WORK INSTRUCTION: Every word in the data below belongs in your copy, exactly as given; the pictures do not.

THE DATA:
--- START ---

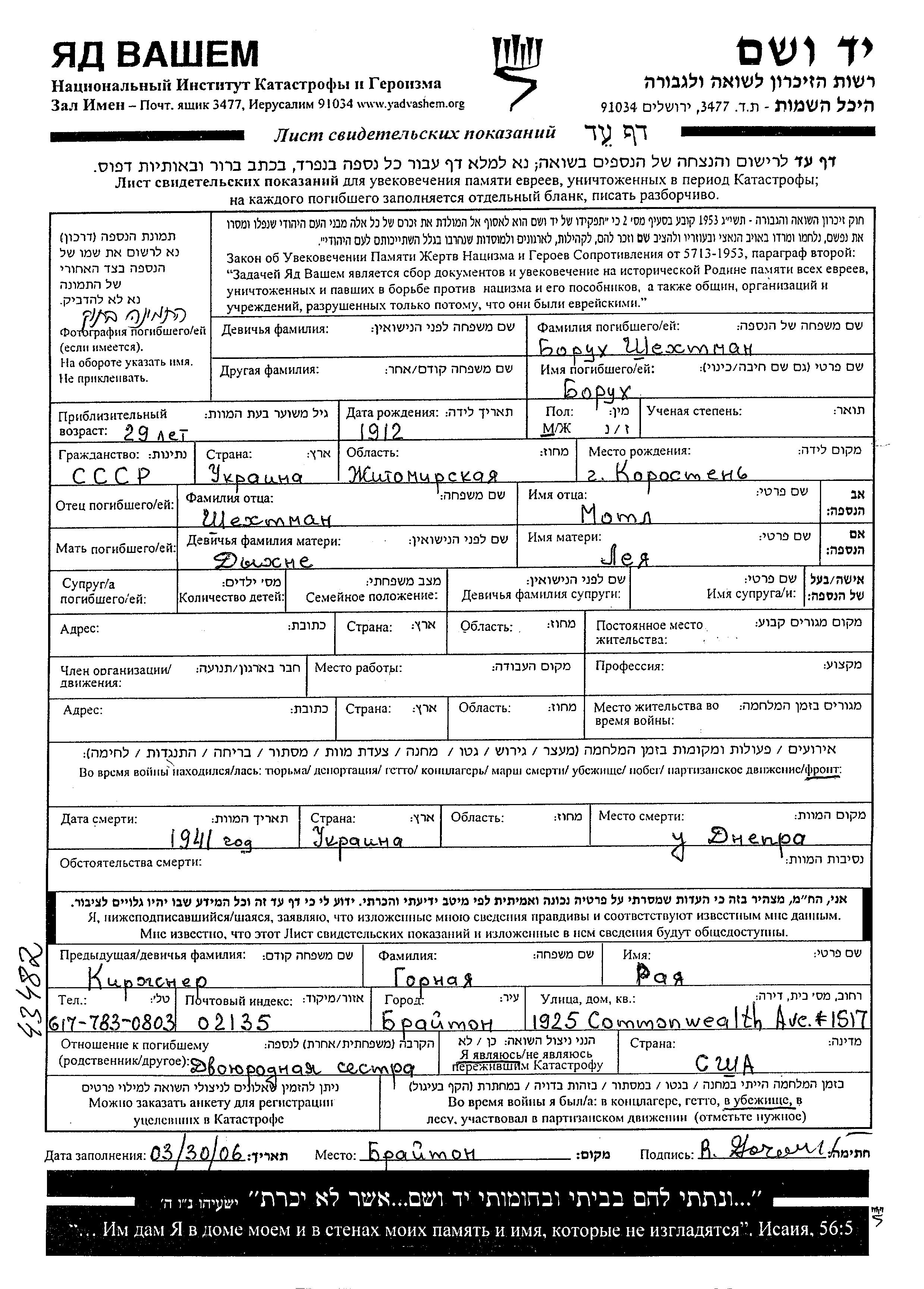 Borukh שכטמן נולד בKorosten שבאוקראינה (ברה"מ) בשנת 1912.
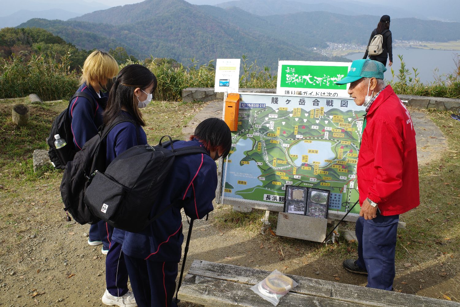 食事の後は、山頂の調査を行いました。奥びわ湖観光ボランティア協会の方が、観光ガイドをされていたので、インタビューさせていただきました。興味深いお話を伺うことができました。
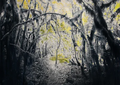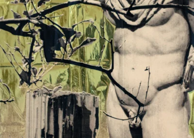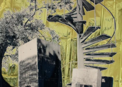 Tirage jet d’encre pigmentaire, encres acryliques, graphite, poudre de metal, pigment iridescent – 40 cm x 50 cm – 2025
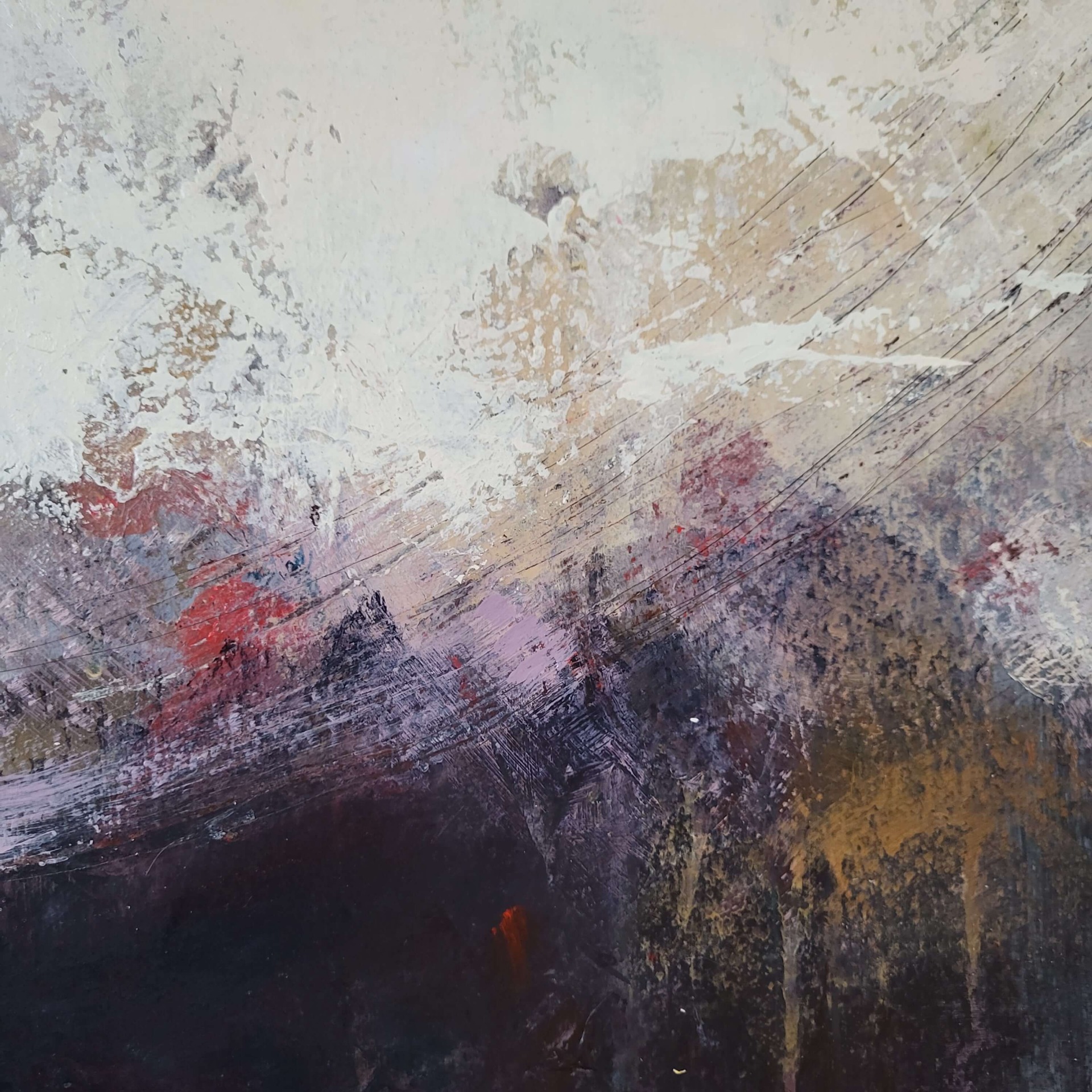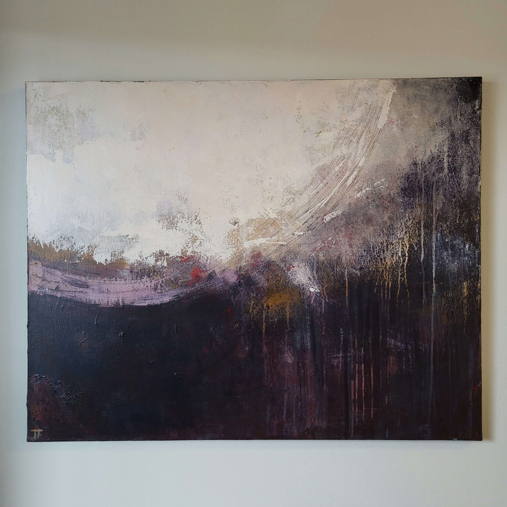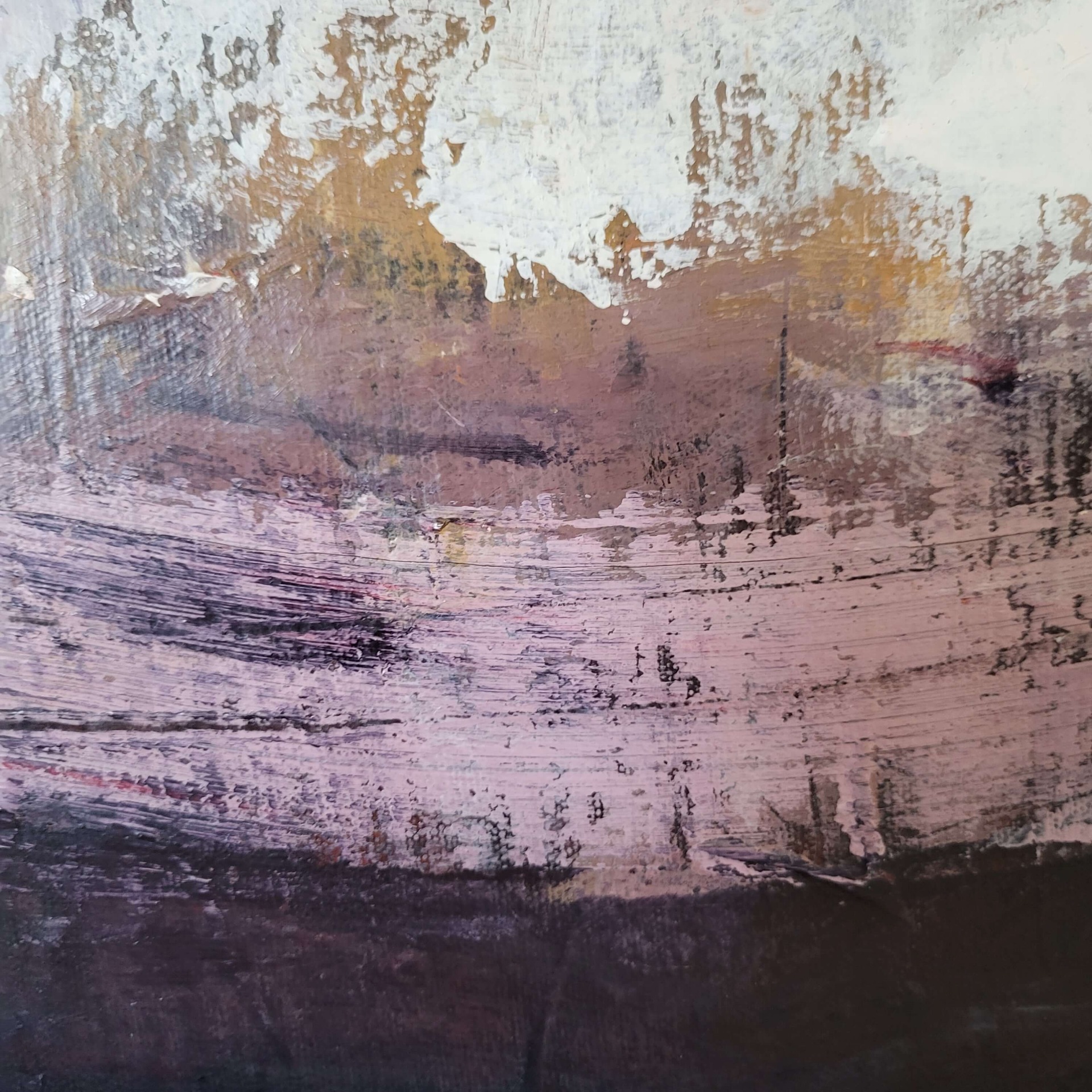 Rougea ja mielenkiintoinen abstrakti teos, jossa valo ja varjo kohtaavat. Alaosassa purppuran sävyjä.

--- END ---

COMPLETED EXERCISE:
 Borukh שכטמן נולד בKorosten שבאוקראינה (ברה"מ) בשנת 1912.
 食事の後は、山頂の調査を行いました。奥びわ湖観光ボランティア協会の方が、観光ガイドをされていたので、インタビューさせていただきました。興味深いお話を伺うことができました。
 Tirage jet d’encre pigmentaire, encres acryliques, graphite, poudre de metal, pigment iridescent – 40 cm x 50 cm – 2025
 Rougea ja mielenkiintoinen abstrakti teos, jossa valo ja varjo kohtaavat. Alaosassa purppuran sävyjä.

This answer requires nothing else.